A new bill before Congress would help seniors pay for long-term care at home. On Thursday, Rep. Thomas Suozzi (D-NY) introduced the Well-Being Insurance for Seniors to be at Home (WISH) Act.

The WISH Act would create a public-private partnership that would create a trust fund to pay for catastrophic care for those who need it. Insurance companies would offer affordable plans and would be funded by social security contributions made by workers and employers with contributions equal to 0.3% of wages.

Rep. Thomas Suozzi (D-NY)

“We have a storm coming, with the number of disabled elders expected to double in the coming years. Fewer family caregivers are available for these aging Americans and the market for long-term care insurance is not currently sufficient to address these demographic challenges,” Suozzi said. “The WISH Act would save the Medicaid program and millions of Americans from financial ruin, would allow people to age at home with dignity, and would create millions of good-paying, middle class jobs in the home health care industry.”
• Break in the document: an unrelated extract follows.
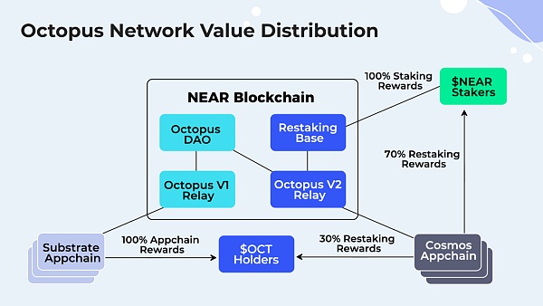 章鱼网络 2.0 主网,如图 Octopus V2 Relay 部分:进一步支持 Cosmos SDK 应用链。增加了 $NEAR Restaking 机制,将可提供的安全性等级提升到十亿美元级别,让 $NEAR 的持有人的一份 $NEAR 资产为 NEAR Protocol 质押后,还能为以 NEAR 为枢纽的应用链或者 NEAR 生态的中间件做质押,获取多重的质押奖励。跨链方面在 1.0 的基础上,NEAR-IBC 的上线让 NEAR 与 Cosmos 生态可以直接跨链互操作,让区块链互联网的互联互通的范围和体验,再上新台阶!
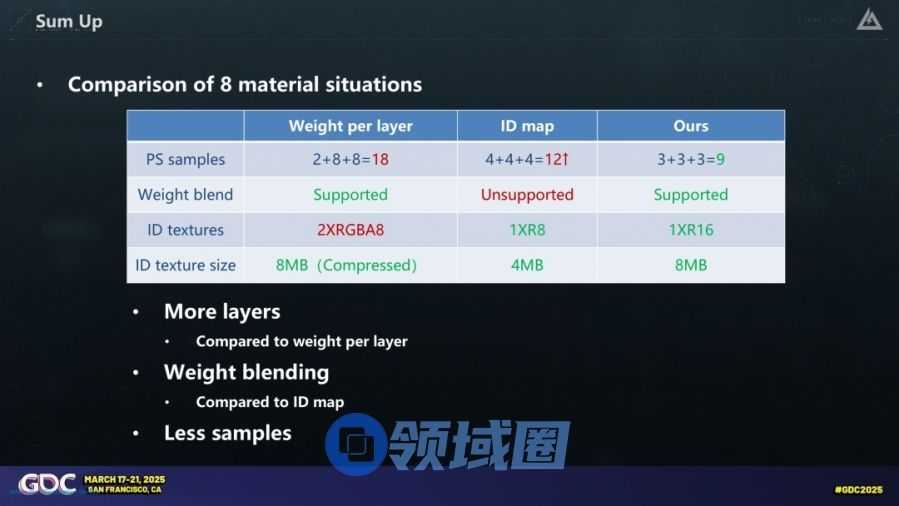 总结来看:相比传统的weight-per-layer方案,我们的方法支持更多材质层叠加。相较《孤岛惊魂》《幽灵行动》采用的ID map方案,我们实现了权重混合功能。传统ID map方案要实现过渡效果,必须创建包含两种材质的混合层,这会额外消耗内存。而我们的方案可以任意两层材质自由混合,无需占用额外内存。此外,这种混合机制还能实现类似《巫师3:狂猎》的法线叠加与衰减等高级效果。

LeadingAge, which represents approximately 5,000 nonprofit senior service organizations, hailed the legislation.

“This really puts you in the driving seat of your own long-term care episode and utilization, as opposed to kind of having to turn to Medicaid,” Ruth Katz, LeadingAge Sr. Vice President of Public Policy, told McKnight’s Home Care Daily.

A 2019 study funded by the National Investment Center for Seniors Housing & Care (NIC) found more than half of the nation’s 14.4 million middle-income older adults in 2029 won’t have the financial resources needed to pay for senior housing or in-home care. The study said a combination of public and private efforts, such as those addressed in the WISH Act, are needed to address the coming crisis.
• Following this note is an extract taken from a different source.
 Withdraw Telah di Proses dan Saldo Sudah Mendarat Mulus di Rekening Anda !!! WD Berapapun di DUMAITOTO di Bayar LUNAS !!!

The WISH Act comes a decade after the CLASS Act, which created a long-term care program, failed to make it into the federal healthcare insurance law, the Affordable Care Act. Katz said that plan fell short in part because worker contributions were voluntary.

“The limitation was that you could opt out of class, which meant it was going to go into that death spiral,” Katz said.

Although Medicaid covers long-term care for American living in poverty, Medicare does not cover the long-term care needs of others. Many middle-income Americans, who don’t have privately-insured long-term care plans, must pay for that care out of pocket. Those that  spend down savings can qualify for long-term care under state-funded Medicaid programs.